W. Stancil Starnes, Randal H. Sellers, and Laura Howard Peck, of Starnes & Atchison, Birmingham, for appellant/cross-appellee.

Stephen D. Heninger and S. Greg Burge, of Heninger, Burge and Vargo, Birmingham, for appellees/cross-appellants.

HOUSTON, Justice:

On July 27, 1981, Sandra McGee gave birth by cesarean section to a son, Bentley, who suffers from cerebral palsy. Thereafter, Bentley's parents, Mark and Sandra McGee, brought suit on his behalf against Dr. Charles Bradford, who performed the cesarean section, and Jackson County Hospital, alleging that they negligently departed from the appropriate standard of care and thereby proximately caused Bentley's injuries. At trial, a jury heard testimony from several witnesses, including Dr. Bradford and four experts, and returned a verdict for the McGees, awarding them $950,000 in compensatory damages. Dr. Bradford and Jackson County Hospital moved for J.N.O.V. or, in the alternative, for a new trial. The trial court granted the hospital's J.N.O.V. motion, and Dr. Bradford's new trial motion, but denied Dr. Bradford's J.N.O.V. Dr. Bradford appeals from the denial of his J.N.O.V. motion, and the McGees cross-appeal from the granting of the new trial motion. 1 For the reasons discussed below, we affirm the rulings on both motions and remand this cause for a new trial as to the claims against Dr. Bradford.

I. New Trial

After hearing testimony from several jurors, the trial court granted Bradford's motion for new trial on the following grounds:

"1. [P]robable prejudice to the defendant caused by jurors making inaccurate answers to questions propounded on voir dire examination.

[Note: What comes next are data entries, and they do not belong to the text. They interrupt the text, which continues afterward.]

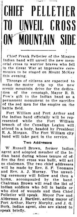 death notices, Indigenous, Life in Thunder Bay, memorials, Military Mount McKay Cross Monument Date: November 22, 2017Author: World War One Thunder Bay Centennial Project 1 Comment Share this: Click to share on X (Opens in new window) X Click to share on Facebook (Opens in new window) Facebook Like Loading... Related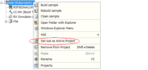 To set the active project, select the main project or subproject to be set as the active project on the project tree and select [Set selected project as Active Project] from the context menu.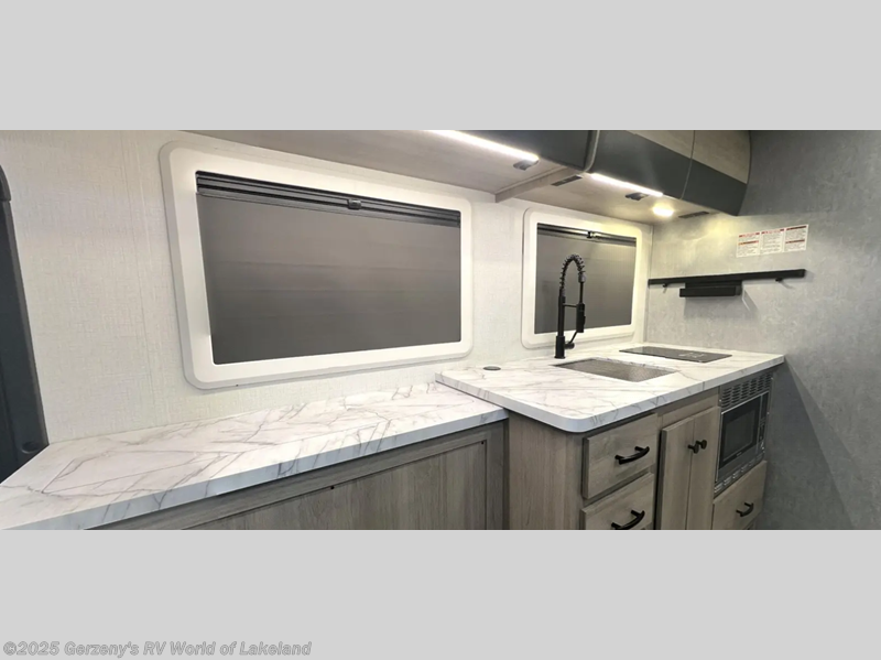 Trips across the state are made cozy in this single slide out coach for two! Once you've parked for the day, you can make lunch on the recessed induction cooktop or in the convection microwave. The sofa slide out provides a place to relax, and the Murphy bed can be folded out when you're ready for some shut-eye. You will appreciate how spacious the full rear bath is, and there is a wardrobe plus a linen closet here for ample storage. The cab-over bunk is only available with the Trekker Cap option; see dealer for more details.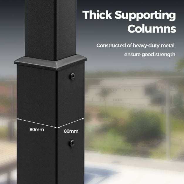 Reliable Construction: Supported by thick columns measuring 3.2" x 3.2"/80 x 80 mm (L x W), the patio pavilion provides a solid and reliable foundation for the entire structure. Additionally, constructed of heavy-duty metal, it also offers exceptional durability for long-term outdoor use.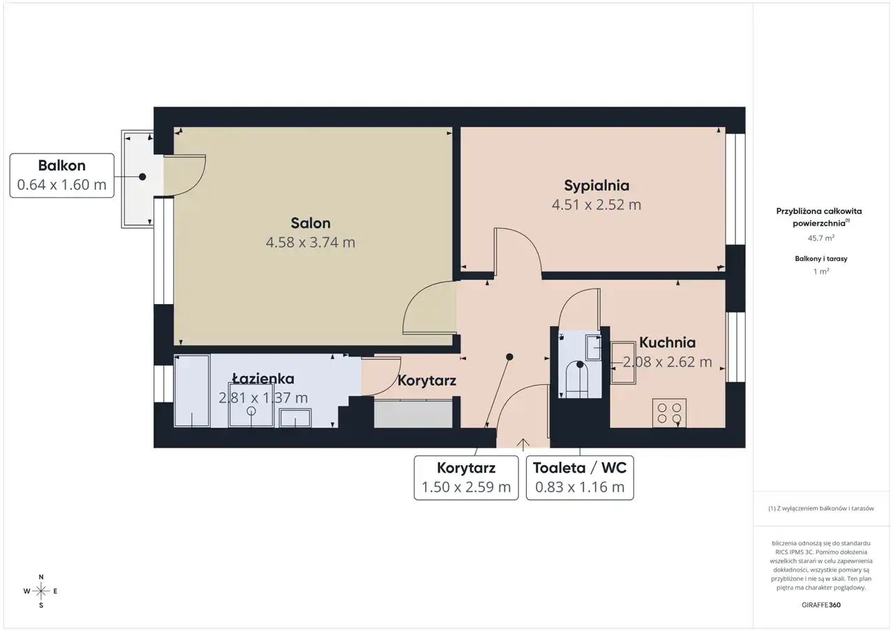 - Charakterystyka mieszkania 48.3 m2, 2 pokoje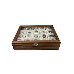 Esse estojo acompanha um fecho giratório de pressão em metal, ideal para colocar um cadeado e garantir a segurança dos seus relógios. As medidas aproximadas dos casulos são de 7,5 x 7,5 x 7,5 cm, garantindo que cada relógio fique bem protegido e acomodado confortavelmente.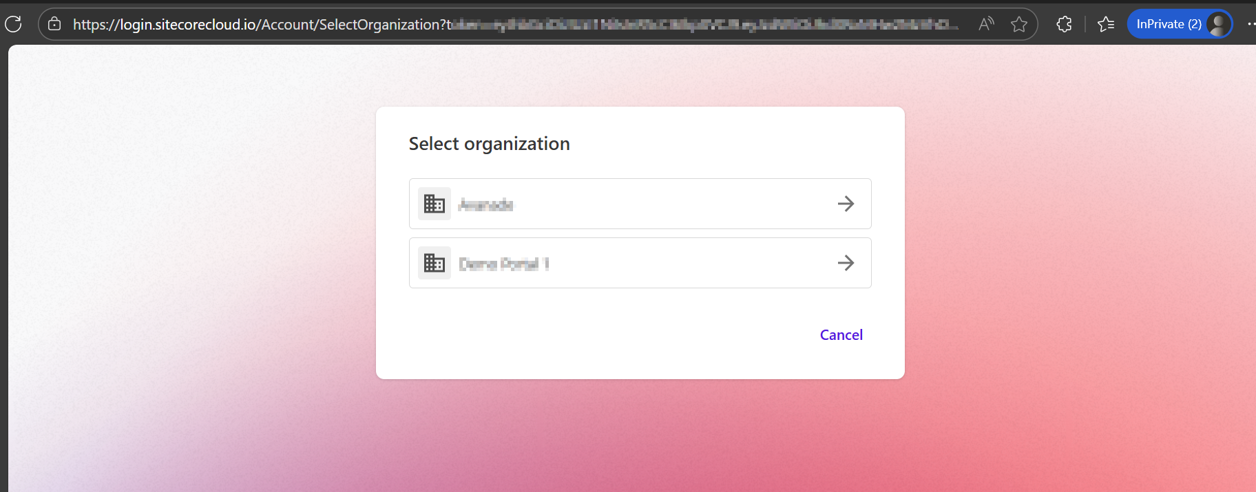 • Then select the organization and tenant you want to use when interacting with the MCP server (as per screenshot below)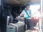 Sebelum peninjauan rel kereta api, Budi Karya Sumadi secara langsung melakukan uji coba gerbong kereta api saat tiba di lokasi.
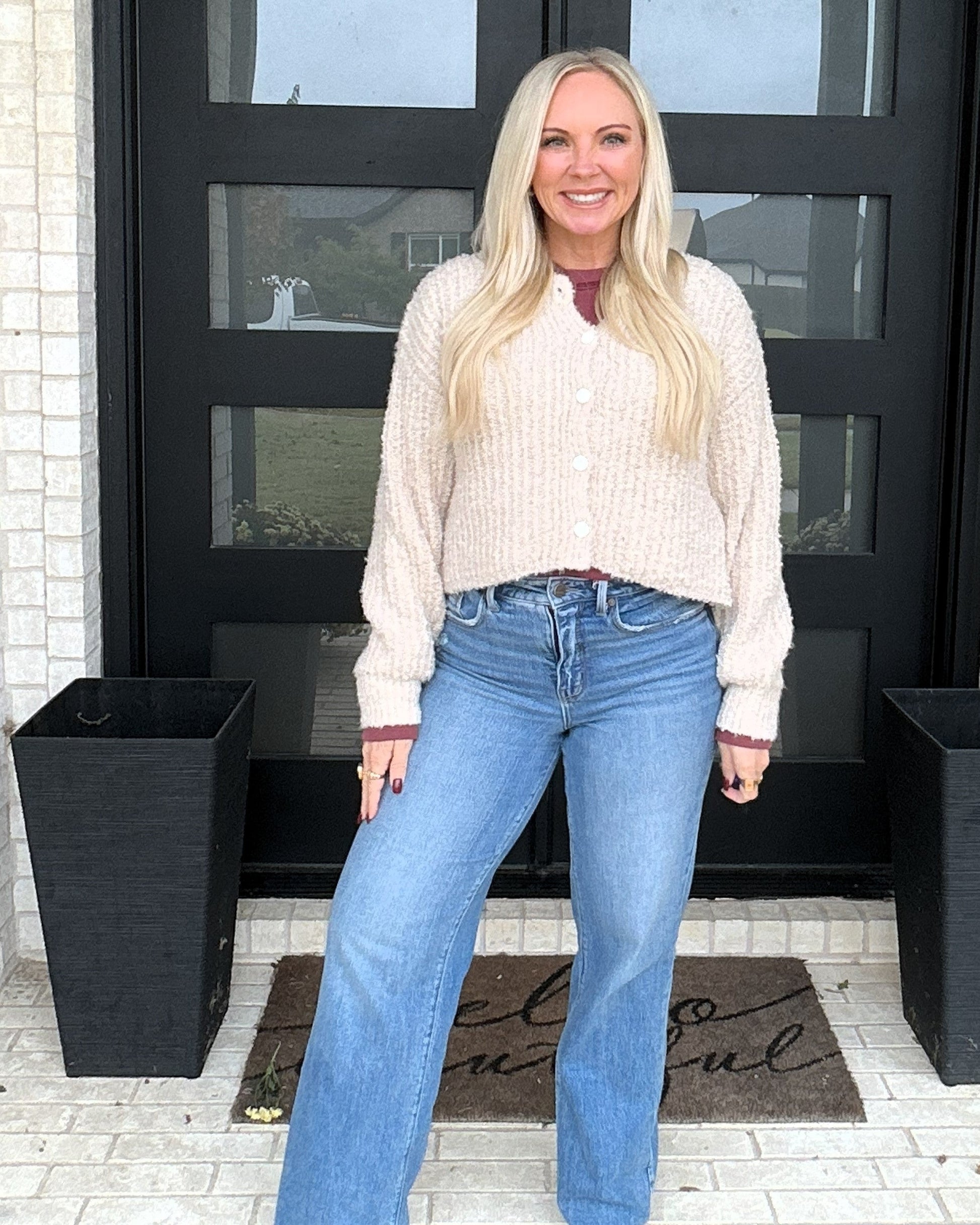 Embrace the cozy appeal of the Cloud Nine Cardi, a fluffy knit sweater crafted from luxuriously soft yarn. Featuring contrasting buttons and a relaxed, slightly cropped fit, it’s the perfect piece for effortless layering. Pair it with high-waisted jeans for a laid-back look or a sleek skirt for a touch of elevated charm. Designed for breezy days and chilly evenings alike, this cardi delivers the ultimate mix of comfort and versatility.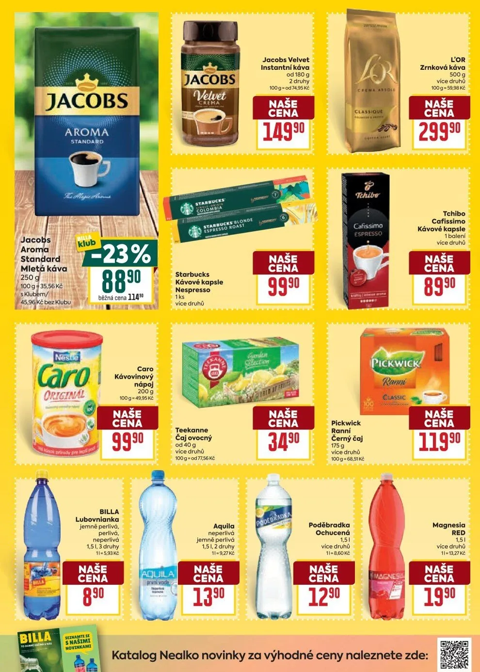 V letáku obchodu BILLA najdete širokou nabídku kvalitních produktů. Mezi nimi se objevují kávové kapsle značek Jacobs, Starbucks a Tchibo, které jsou k dispozici v různých variantách. Pro milovníky čaje máme ovocné čaje Teekanne a černý čaj Pickwick. Nezapomněli jsme ani na nealkoholické nápoje, jako jsou jemně perlivé a neperlivé vody Aquila a Poděbradka. Všechny produkty jsou nabízeny za výhodné ceny, které potěší každého zákazníka. Navštivte nás a objevte naše novinky!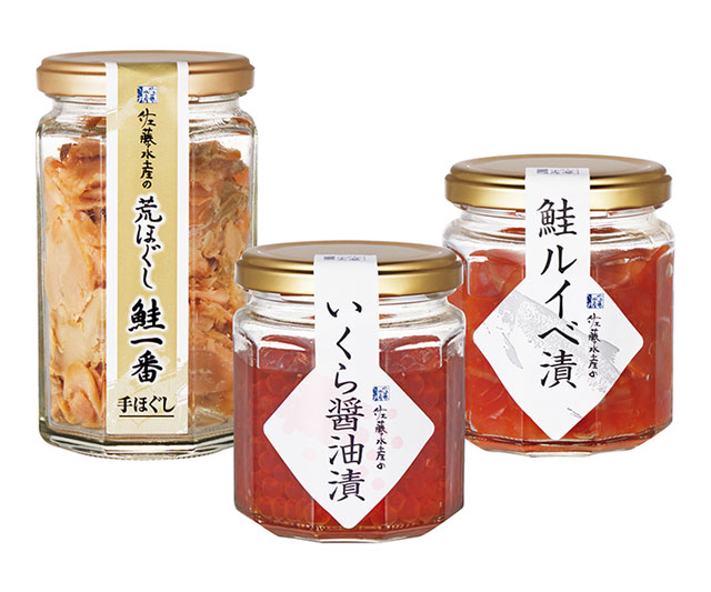 荒ほぐし鮭一番170g、いくら醤油漬・鮭ルイベ漬各140g

"2. [P]robable prejudice to the defendant caused by jurors failing to respond to questions propounded on voir dire examination.

"3. [P]rejudice [to] the defendant [due to the court's] failing to sustain timely objection to improper remarks of counsel in closing argument and in failing to give curative instructions."

The trial court considered several instances of jurors' incomplete responses to voir dire questions and one instance of improper remarks during closing as grounds for granting a new trial; we find that at least two of these grounds--namely, Mr. David Woodall's and Mrs. Francis Little's failure to respond to material questions on voir dire--clearly support the trial court's finding of probable prejudice; and, therefore, we affirm.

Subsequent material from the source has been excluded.